3 Responses to The students is learning (criminal justice edition)

  1. Mike says:

    The Cameron Todd Willingham case is a good example of the criminal system using non-scientific evidence to convict a person and execute them. So called evidence of a crime was created by an arson investigator, then that information was passed down and never questioned. It spread around the US and Canada. Perhaps further. It was taken as gospel and no one ever bothered to conduct tests to see if the conjecture fit the facts. Until recently. Now we know that the “puddle” burn marks are not indicative of an accelerate being used. Nor is glass crazing. But hundreds, maybe thousands of people have been convicted on this old wives tale.

    But this is only part of the problem.

    My wife likes to watch what I call “murder shows”, TV shows that showcase a particular real life case every week. They all seem to have the same thing in common no matter what the verdict is, no matter what the evidence is.

    No matter what the defendant does or did, it somehow fits the prosecutors view that the person is guilty. If they don’t show emotion, their cold and calculating. If they do show emotion, they are acting and are cold and calculating. It seems there is nothing that can’t be twisted for the prosecutions case.

    Even after DNA evidence is found to exonerate the defendant, it seems many officers and prosecutors continue to believe in the defendants guilt. It’s frightening. Once the police and prosecutors zero in on a suspect, everything they see and find is coloured by their belief that they already know who did the crime.

    If the husband is a suspect, then he is most likely to have done the crime because the husband is the most likely perpetrator. Even if he didn’t actually do it. So evidence may often be discounted if it doesn’t fit with the preconceived notions.

    The state has, compared to the defendant, almost unlimited funds to mount an investigation. Police. Labs. Assistants.

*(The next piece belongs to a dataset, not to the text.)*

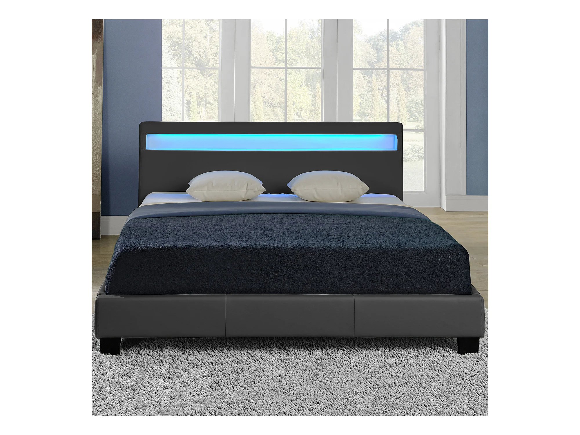 Lit capitonné LED Paris 140 x 200 cm Gris Foncé Corium
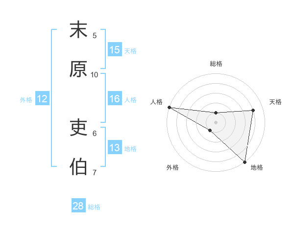 末原 吏伯さんを姓名の画数から五運を鑑定

The defendant often has no chance to make an effective defense, especially in cases like this where the lawyers don’t believe the defendant and nobody ever questions the scientific basis of the evidence.
    Just like the FBI’s now discredited ‘lead typing’. Fingerprints have also come under scrutiny, they are highly subjective in many cases, and different ‘experts’ can give different results.

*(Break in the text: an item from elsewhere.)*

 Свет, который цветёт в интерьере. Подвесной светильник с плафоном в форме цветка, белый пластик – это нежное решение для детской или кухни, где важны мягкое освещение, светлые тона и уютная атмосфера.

    When different experts can get different results, then the measure of the evidence is subjective and not really scientific. Subjective deals with a persons opinion on evidence. Most courts accept evidence that is subjective as being objective. And people go to jail who shouldn’t.

    The only thing worse then being prosecuted and innocent in the US is the same being done to you in Canada, where the government has a much less stringent requirement to fund defenses. Being charged of a crime in Canada can leave a family destitute, or the charged simply pleading to prevent making his family destitute. We also do not have the ability to demand jury trials in all cases, depending on the charge. And Canadian prosecutors can make a lesser charge so the defendant can’t have a jury trial if the jury of his peers would not convict.

    I don’t know if the same is true in some states? Who decides in the US if you can afford a lawyer?
    Does it vary state to state?

    I always intend to write a short comment. Just a short one.

    • Steve Greene says:

      1) There’s a constitutional right to a jury trial that the prosecution cannot get around.
      2) Who qualifies for publicly-funded defense (and the quality of that defense) is determined at the state level. If a state tried to skimp too much, they’d surely and quickly lose a federal lawsuit based on Constitutional principles.
      3) You do have the occasional short comment 🙂

      • Mike says:

        After reading the Economist article, I changed my mind. The US is the worst place to be charged in. That’s not even considering the prison you’ll wind up in.